Antibodies in Therapy & Pathology (INSERM U.1222): from Allergy & Autoimmunity to Cancer Immunotherapy

                Antibodies are key effectors of the immune system. They are responsible for disease induction (autoimmunity, allergy) and can be protecting from or facilitating infections and tumors.

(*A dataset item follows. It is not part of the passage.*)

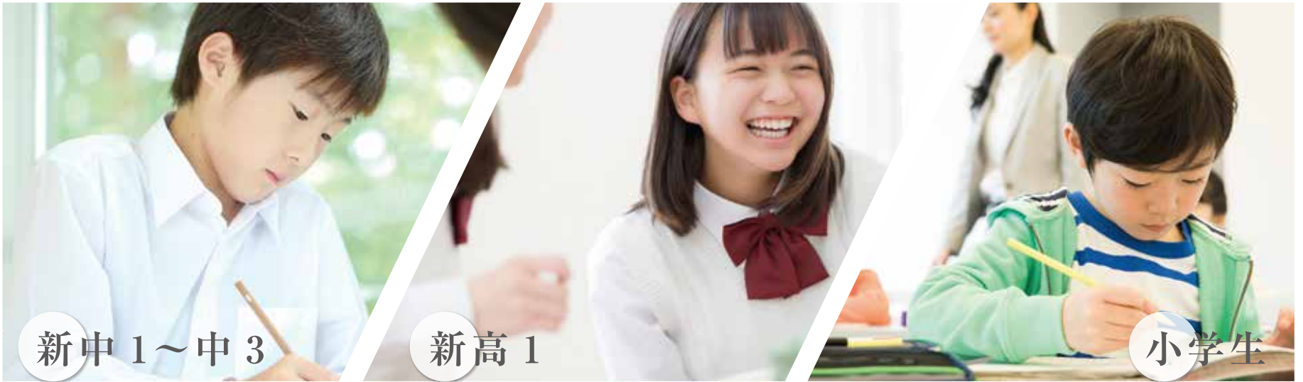
新中 1～中 3

Antibodies do not exert by themselves, however, biological functions: these are mainly mediated by antibody receptors (FcRs).

Aims:

• Decipher the role of human antibodies, human antibody receptors (FcRs) and the cells expressing them during therapy and in the induction of pathologies.
• Establish high-throughput plasma cell selection using droplet microfluidics to generate the “anatomical map” of antigen-specific plasma cells, and demonstrate the pathogenic nature of antibodies in specific diseases (collaboration with ESPCI-ParisTech and HiFiBio)
• How antibodies and their receptors induce/regulate autoimmune and allergic diseases is addressed using on one hand models of rheumatoid arthritis and anaphylaxis (allergic shock) in humanized mice and, on the other hand through clinical studies (NASA; PlanA).
• How antibodies and their receptors participate in passive antibody therapy is addressed using human tumor xenografts in immunodeficient mice bearing human FcRs.

In most projects, we aim at identifying the cell population(s) responsible for antibody-mediated effects, and decipher the mechanism behind their contribution to therapy or pathology. To enhance the clinical relevance of our studies in mice, we have generated “humanized” mouse models expressing human FcRs in the presence of human antibodies. Our recent focus has been on FcR-expressing myeloid cells, in particular neutrophils and monocytes/macrophages, that we extend now to platelets and their interaction with neutrophils, and to mast cells.

 Altogether, our research, integrating fundamental, clinical and industry-driven approaches, aims at elucidating the role of antibodies, their receptors and the cells expressing them in major disease and therapy models and, hopefully, propose novel therapeutic solutions in antibody-based therapies.

RECENT HIGHLIGHTS

• Identification of the differential pathways of anaphylaxis induced by the three main IgG subclasses in mice -IgG1, IgG2a and IgG2b – (Beutier H, et al; J Aller Clin Imm 2017)
• Description of the mechanisms of anaphylaxis induction in human low-affinity IgG receptor locus knock-in mice & first description of hFcgRI-hFcgRIIA(H131)-hFcgRIIB-hFcgRIIIA(V158)-hFcgRIIIB(NA2) knock-in mice (Gillis CM, et al; J Aller Clin Imm 2017)
• A novel adjuvant-free model of anaphylaxis identifying Mast Cell- and Monocyte/Macrophage-contributions (Balbino B, et al; J Aller Clin Imm 2017)
• A unique mouse model that demonstrates the particularly restricted in vivo effector functions of the high-affinity mouse IgG receptor FcγRI in disease and therapy models (Gillis CM, et al; J Autoimmun 2016).
• Comprehensive review on human and mouse IgG receptor function (Jönsson J, et al; Imm Rev 2015)

• Identification of neutrophils as the cell population responsible for anti-tumor immunotherapy of solid tumors (Albanesi et al, Blood 2013).